Chapter 19
Managing the overlap with inter-agency mutual assistance regimes


19.1In the preceding chapters, we have discussed the process for assistance to foreign countries in criminal investigations and prosecutions that takes place between governments, also known as mutual legal assistance. In this chapter, we examine the mutual assistance processes that take place between New Zealand regulatory agencies and their foreign counterparts or via an international network of national organisations such as Interpol.865

19.2“Mutual assistance” refers to assistance provided by one state to another generally, and it can include assistance in criminal investigations and prosecutions. The focus of some of the inter-agency regimes is not on criminal investigation and prosecution, but rather it is to facilitate regulatory compliance and enforcement.
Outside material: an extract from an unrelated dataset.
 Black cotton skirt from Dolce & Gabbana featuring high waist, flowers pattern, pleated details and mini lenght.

Albeit, compliance and enforcement can lead to criminal investigations and prosecutions.

19.3Following the terrorist activity on 11 September 2001 and the global financial crisis, there has been an increasing trend towards direct cross-border agency cooperation on all matters, including criminal matters.866 In their 2012 Annual Report, the Serious Fraud Office (SFO) reported that:867

[i]t is becoming apparent that there is a growing need to establish an international network of law enforcement agencies specifically devoted to financial crime prevention and detection.
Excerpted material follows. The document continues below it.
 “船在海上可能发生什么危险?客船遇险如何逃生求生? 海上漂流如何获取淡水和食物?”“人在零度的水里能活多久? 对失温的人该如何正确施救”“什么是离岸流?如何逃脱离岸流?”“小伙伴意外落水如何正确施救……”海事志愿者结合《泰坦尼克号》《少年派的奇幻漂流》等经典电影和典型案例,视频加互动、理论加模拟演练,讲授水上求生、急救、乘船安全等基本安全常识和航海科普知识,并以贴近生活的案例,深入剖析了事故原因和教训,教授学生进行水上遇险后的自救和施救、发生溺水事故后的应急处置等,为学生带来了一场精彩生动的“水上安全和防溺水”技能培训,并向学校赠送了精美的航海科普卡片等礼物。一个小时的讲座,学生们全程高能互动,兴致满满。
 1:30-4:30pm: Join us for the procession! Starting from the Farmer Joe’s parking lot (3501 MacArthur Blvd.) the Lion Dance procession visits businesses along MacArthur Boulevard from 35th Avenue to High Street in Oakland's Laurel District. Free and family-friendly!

These inter-agency regimes can pose a challenge, because it is sometimes unclear at what point these regimes should give way to the Mutual Assistance in Criminal Matters Act 1992 (MACMA) and, particularly, to the protections in MACMA.

19.4In this chapter, we consider how to manage the overlap that exists between MACMA and inter-agency regimes. We start by looking at the nature of inter-agency regimes, including the types of assistance that can be provided and the safeguards included. We then look at where MACMA and these regimes may overlap and the problems this creates, before proposing options for reform.

19.5Our current preference is to move with the international tide, recognising that mutual legal assistance can, and should, be provided through a wide variety of mechanisms.868 However, we consider that there needs to be centralised oversight across all inter-agency mutual assistance regimes.
865Note that, under pt 4, subpt 3 of the Evidence Act 2006, the courts also have an ability to obtain evidence for criminal proceedings, but this is outside the scope of this review.
866For example, see the International Organisation of Securities Commissions Multilateral Memorandum of Understanding Concerning Consultation and Cooperation and the Exchange of Information (May 2002). This Memorandum of Understanding was developed following the events of 11 September 2001.
867Serious Fraud Office Annual Report 2012 at 27.
868See the 2011 revised purpose statement contained in [1(1)] of the Scheme Relating to Mutual Assistance in Criminal Matters within the Commonwealth including amendments made by Law Ministers in April 1990, November 2002, October 2005 and July 2011 [Harare Scheme].